The Obama administration is "openly stepping up efforts" to detain and deport Central American refugees who came to the U.S. in 2014 in order to escape violence at home. The idea is to intimidate people out of coming here, but Alicia A. Caldwell has the latest details on exactly who Immigration and Customs Enforcement (ICE) is going after, people like 19-year-old Wildin David Guillen Acosta.
He said he came to the United States from Honduras by bus, car and on foot after a gang member threatened to kill him.
“I wouldn’t go out at night. He’d call me and say, ‘I’m going to kill you, I’m going to kill you,’ ” Acosta said in Spanish. “I told my mother and she told me to come to the United States.”
Acosta, speaking from an immigration jail in rural Georgia, said he was afraid to go home.
“I’m scared. I don’t want to go back. There’s a lot of violence, a lot of death,” Acosta said. “They’ll kill you for a telephone. How is this possible?”

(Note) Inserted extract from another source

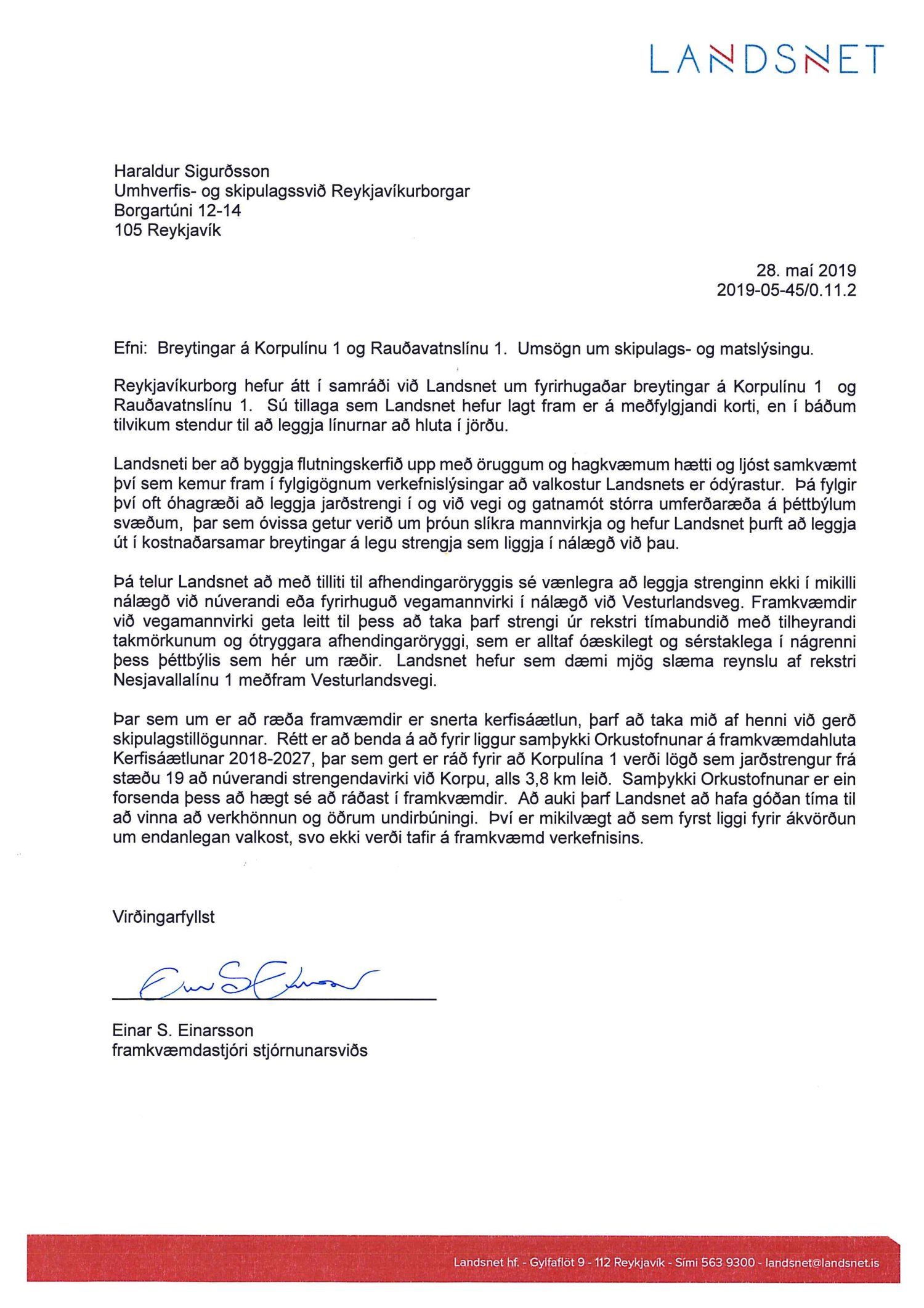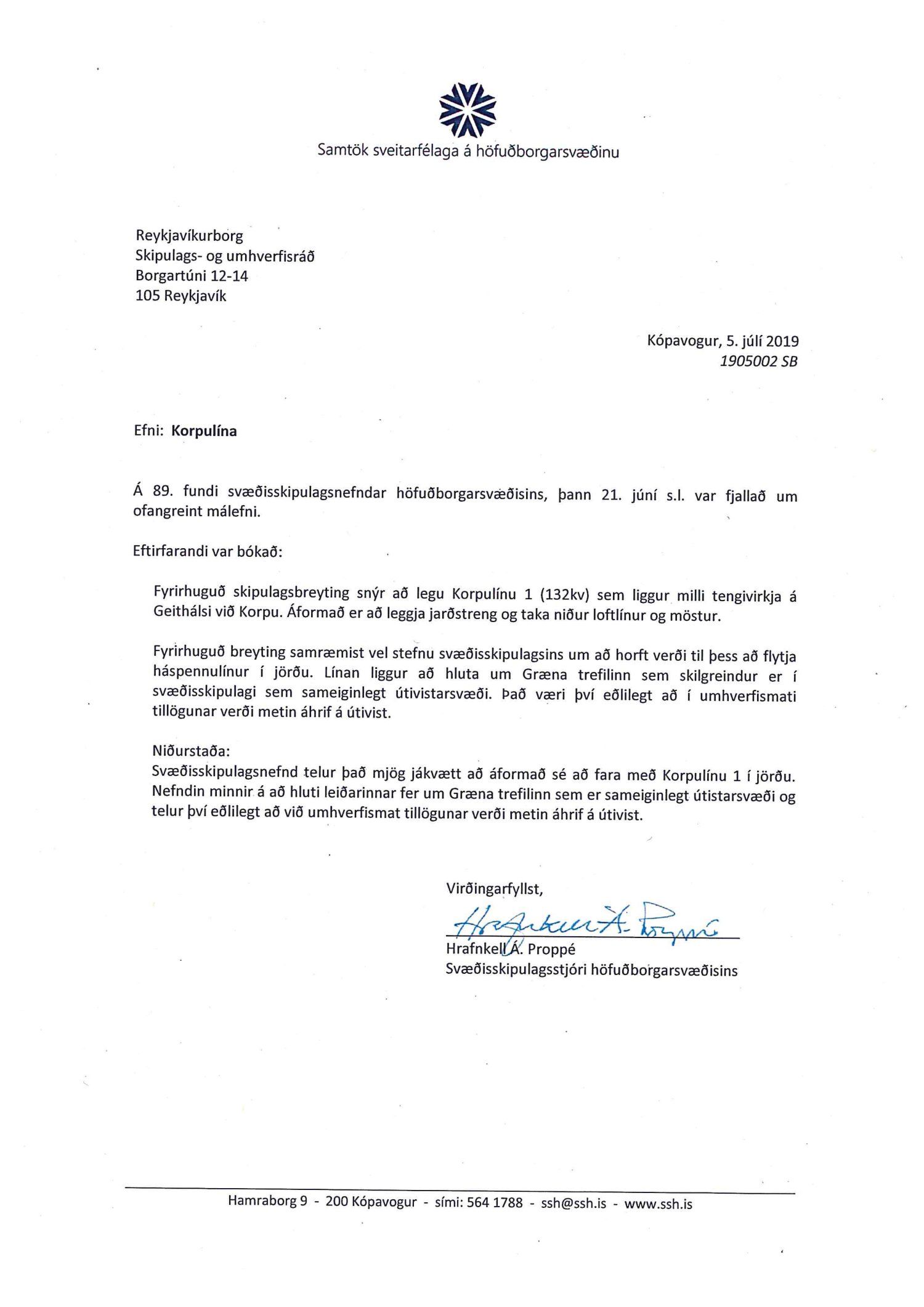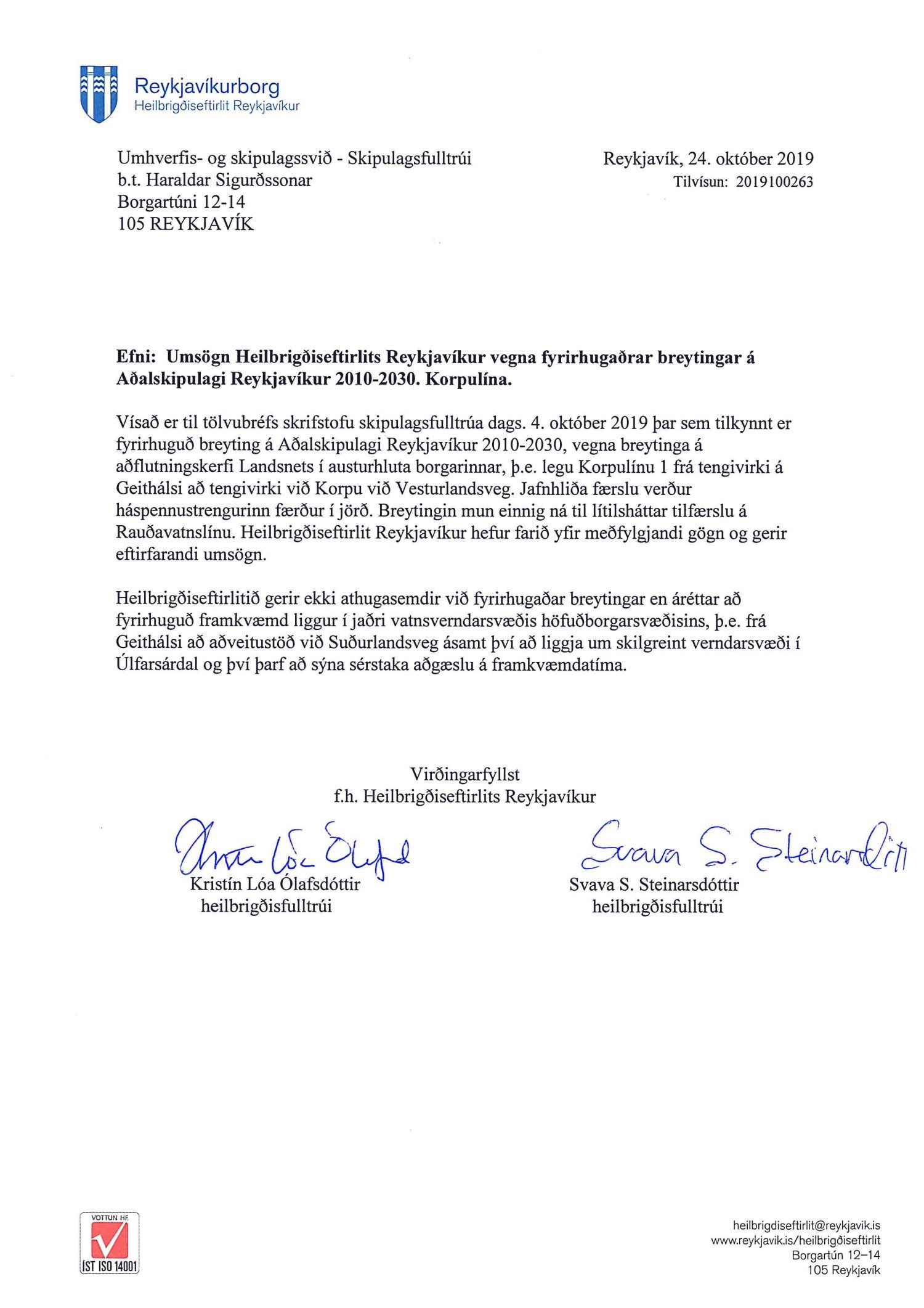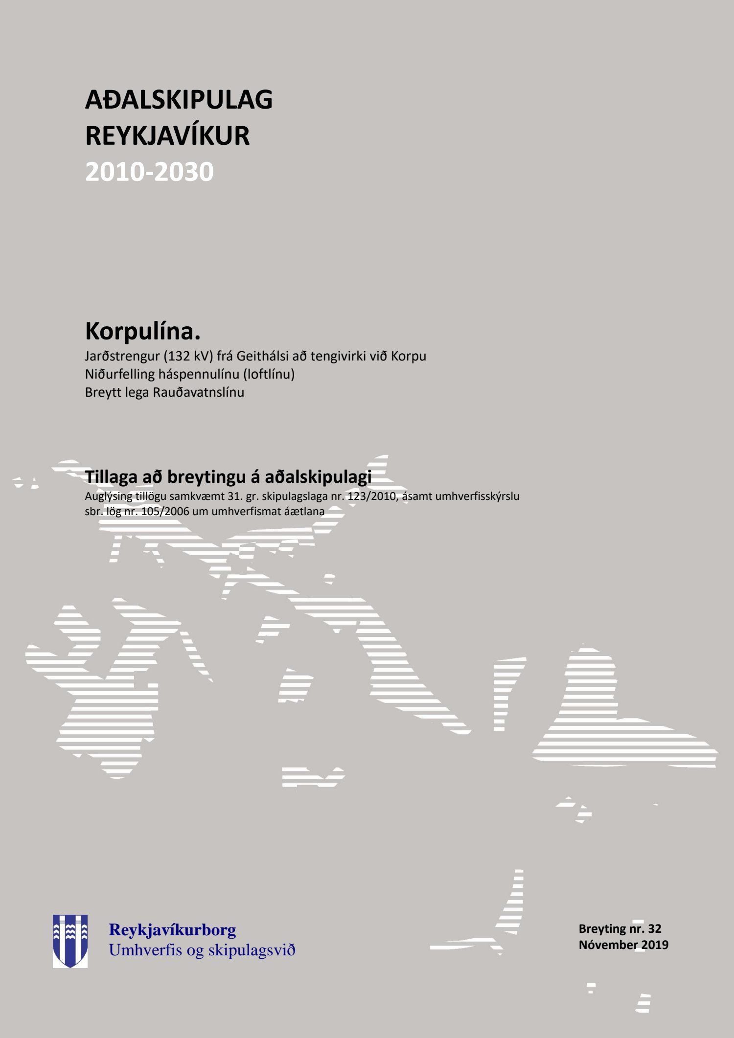 Að lokinn kynningu á drögum að tillögu umhverfis- og skipulagssviðs dags. í september 2019 er lögð fram tillaga umhverfis- og skipulagssviðs dags. í nóvember 2019 að breytingu á Aðalskipulagi Reykjavíkur 2010-2030. Tillaga að breytingu nær annarsvegar til legu Korpulínu 1 milli tengivirkisins við Geitháls að tengivirki Korpu við Vesturlandsveg og hinsvegar til lítilsháttar breytingar á legu Rauðavatnslínu 1, frá Geithálsi að aðveitustöð við Suðurlandsveg. Einnig er lögð fram umhverfisskýrsla dags. september 2019. Eftirtaldar stofnanir sendu umsagnir vegna kynningar á drögum á tillögu umhverfis- og skipulagssviðs: Mosfellsbær dags. 11. október 2019, Heilbrigðiseftirlit Reykjavíkur dags. 24. október 2019 og Garðabær dags. 25. október 2019.

How is this possible? This young man is a refugee, plain and simple. He fled Honduras for his life. And unfortunately, he's not alone. More than 800 people who arrived as unaccompanied minors have already been deported since October. Meanwhile, the immigration group America's Voice has been sending out action alerts about teens detained by ICE who face deportation.
These kids aren't being picked up because they're committing crimes, they're routinely being targeted by ICE on their way to school. In fact, teachers at one school in North Carolina put together a video campaign urging ICE to release Acosta.